'We need to be honest' NAACP, clergy and police chief all pray for justice
Barack Obama is the nation's first black President, but maintains that the racial divide in this county is "deeply rooted." A recent Bloomsberg Politics poll bears him out. According to the study, 89 percent of black Americans strongly disagree with a Ferguson, Mo., grand jury report that refused to charge a white police officer with killing an unarmed black teenager. Yet 64 percent of white Americans believe it was the right call. Some NFL football players now come onto the gridiron with their hands raised. But in the Christmas City, a tiny spark of hope was ignited on Sunday.
The NAACP and mostly black preachers joined hands with blacks and whites, including Bethlehem Police Chief Mark DiLuzio, to pray for peace and justice.
The prayer vigil, held at Bethlehem's Payrow Plaza, was organized by Bethlehem NAACP President Esther Lee. She led a group of about sixty people, and ticked off several recent examples besides Ferguson. These include 12 year old Tamir Rice, who was shot and killed by police after pranking people in a Cleveland park with an airsoft toy gun. They include 43-year-old Eric Garner, who was placed in a fatal chokehold by New York City police for selling illegal cigarettes.
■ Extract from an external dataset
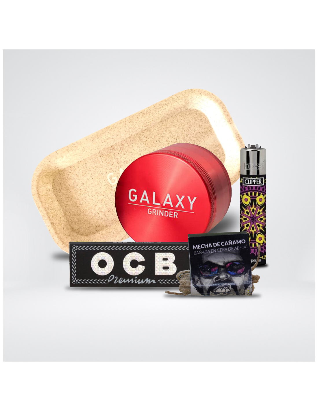 Eleva tu ritual de cannabis con este exclusivo pack, diseñado meticulosamente para los aficionados que valoran la calidad y la comodidad. Este conjunto integral transforma cada sesión en una experiencia sofisticada y placentera, destacando por su funcionalidad y estilo. El corazón del pack es el Galaxy Grinder de 55 mm, una obra maestra en diferentes colores que garantiza una molida perfecta de tus cogollos, preservando su frescura y potenciando su aroma. Acompañándolo, la bandeja de enrolado de hemp Galaxy que no solo es práctica sino también un accesorio distintivo que refleja tu pasión por el universo del cannabis.

They include 17-year-old Trayvon Martin, shot by a Neighborhood Watch volunteer after going to the store for skittles and ice tea.
What these victims all have in common, Lee implied, is the color of their skin.
On one extreme is Esther Lee, who rhetorically asks whether it is "the intention of our system to eliminate black males and our culture through genocide?" On the other side are anonymous police officers at Police One, an Internet site for police officers, who have made racist remarks.
Somewhere in the middle is everyone else, including Bethlehem Police Chief Mark DiLuzio.
"I've known Esther for years," the chief said of the always-outspoken Lee. "I know her commitment to the city and the people who live her."
He then pointed to a young man running with a sign that says "Pray for Peace and Justice."
"I think that's what everyone wants," he said, before holding hands with a black woman standing beside him during prayer.
He defended police officers.
"All they want to do is their job and come home to their family like everyone else," he said, but he agreed that something's wrong.
"We need to figure out what the hell went wrong and discuss it," he added.
DiLuzio believes there are numerous issues, from poverty to a lack of education.
"We need to be honest," he concluded.
Wearing a black "Man of God" baseball hat, Second Baptist Church Pastor Edward Thompson spoke of Billie Holiday's song about lynchings in the deep South, called "Strange fruit hangin' from the poplar trees."
But he asked God to bless the policeman.
"Help him understand young people," Thompson prayed. "Help us to stop killing one another."
The Rev. Paul Watson, who grew up in Bethlehem but is Senior Pastor at New Christian Harvest Church in Whitehall, brought several young men with him and directed some remarks to DiLuzio.
"We will not tolerate injustice in our cities by excessive force from police officers," he said. "We cannot allow things like that to happen. We don't want it here."
But then he implored the crowd to police their own children.
"Ask your kids the questions," he said. "Are thy being bullied? Are they doing their homework?"
"I don't know why people are afraid of black folk," Lee said as the vigil ended. "It's worse now than ever."